I got this submission yesterday from a good friend. It makes me ache. She asks the complicated question: how can we best love and support someone at the end stage of cancer treatment? It is a question without one clean, clear answer; a question of individual experience, of stage of life, of personality and faith. She's suspended somewhere in between reality and grief, between respect and support. It's during these hardest time, these inexplicable experiences, where we have to see the illusion of shared experience. Somethings we cannot fully share or understand, somethings we must just witness. How we witness, how we honor and support is what makes all the difference. - BTH
She didn't think I'd understand - she was apprehensive to stop chemo, but she was apprehensive to continue. Trust me, I understood. In this situation, there is no answer. There are decisions to be made, but no answer to be had. If only there was the slightest possibility of peering through that crystal ball to see if one path or the other might lead to a slightly better outcome - a few more weeks, a better quality of life. But there is no crystal ball, and in the absence of the ability to see into the future, she has to make a decision. Today, to me, that is the definition of courage - of making a decision when there is no answer, and no information at hand to help guide you. I suppose this is where in my life, I would turn to God and my faith, and pray for guidance to follow the right path; that there is, in fact, a path meant to be. I've never heard her speak of her faith, and I am not one to proselytize, and so the best thing I could do was offer to listen as I drove her to her chemo appointment, and to hope to offer the right words of encouragement to her, because honestly what the heck do you say in these situations?

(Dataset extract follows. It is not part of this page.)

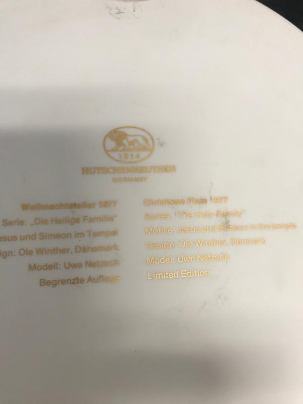 Description: Hutschenreuther Christmas 1977 "The holy-family" white & giltplate. Measurement approximate: 8.5 W Material: Porcelain. Shipping cost $18 Excluding California, Alaska & Hawaii.

I don't know what those right words are, but I think I would want to someone to tell me that I've done an amazing job, that I've fought a heroic battle, that I had found strength to carry on when others couldn't have, that I wasn't letting anyone down, and in fact, that I was inspiring. I think that's what I would want to hear...but I hope to never have to find out. So that's what I told her today, because every word of it is true, and because I could tell that the burden of letting her parents down, that she was appearing to 'give up', was weighing heavily on her shoulders. She needs to know she is loved, loved dearly, and that she is capable of making the right decision for her and her family. She asked me if I knew what I would do in her shoes. I told her I did know, or that I think I know what I would do. She didn't ask for my answer, and I didn't offer it - because I think she hears plenty of opinions, and because I think she knew what she wanted to do. I know that if I had given the battle everything I could, that I would choose quality of life over quantity of life. The clinical trial she is on right now causes vision loss, and causes her to generally feel as bad as one can imagine. I would want to see my kids. I would want my kids to know that I gave my absolute best, but in the end, I would choose to spend my days with as much strength as I could, to enjoy them for every quality moment I had left.
I heard from my friend tonight, a few hours after I left her with her husband at the doctor's office, and she told me she had found peace. I think it was a kind of peace that she hasn't experienced yet. I will tell you that as hard as I have been praying for a miracle for her, I have equally been praying for her to be at peace, and to have a good quality of life for however long God will grant her on this earth. I am so heart broken tonight, so deeply sad for her daughter that will grow up without her mother, for her parents who will lose their only child, for her husband who has had to endure an unjust burden in his early years of marriage, for her friends, and for her students.
My friend was my son's 1st grade teacher last year. I remember overhearing whispers as we went to meet the teacher night in August. We didn't know anyone, and finally I learned she had been diagnosed with stage 4 colon cancer just weeks before school started, weeks before her daughter turned 1, weeks before she turned 29. Twenty. Nine. I hate that the first thought that passed through my head was that of selfishness. We had just moved to Seattle, and my son (who takes a good 8 months of the year to adjust to a new situation) would have a first grade situation that would mean his teacher was gone 2 days every other week for chemo. We had just left a preschool situation where his amazing (also young) teacher was fighting cancer. Was it selfish of me to want a normal classroom experience? In about the same amount of time that the thought flashed in my head, it was gone. I wasn't sure why, but I immediately felt at peace that we were put in this class for a reason. There were 4 first grade classes, and God had placed us in this one. I knew that wasn't just by chance. As it so happens, we met one of (if not THE) best elementary teachers our kids will ever have. My son was challenged to go beyond meeting expectations to create new ones, and push past them. She knew every kid's strengths and abilities, and she taught to them each successfully. I have no idea how she did it. In the process, we became friends outside of school, and I saw my son develop a compassion that I have never seen in him before. He is not an emotional kid, and does not wear his feelings on his sleeve, but I know that the situation with our friend weighs heavily on him. I know that I must now also pray for the courage to help him through what lies ahead, and to pray for peace for him as well.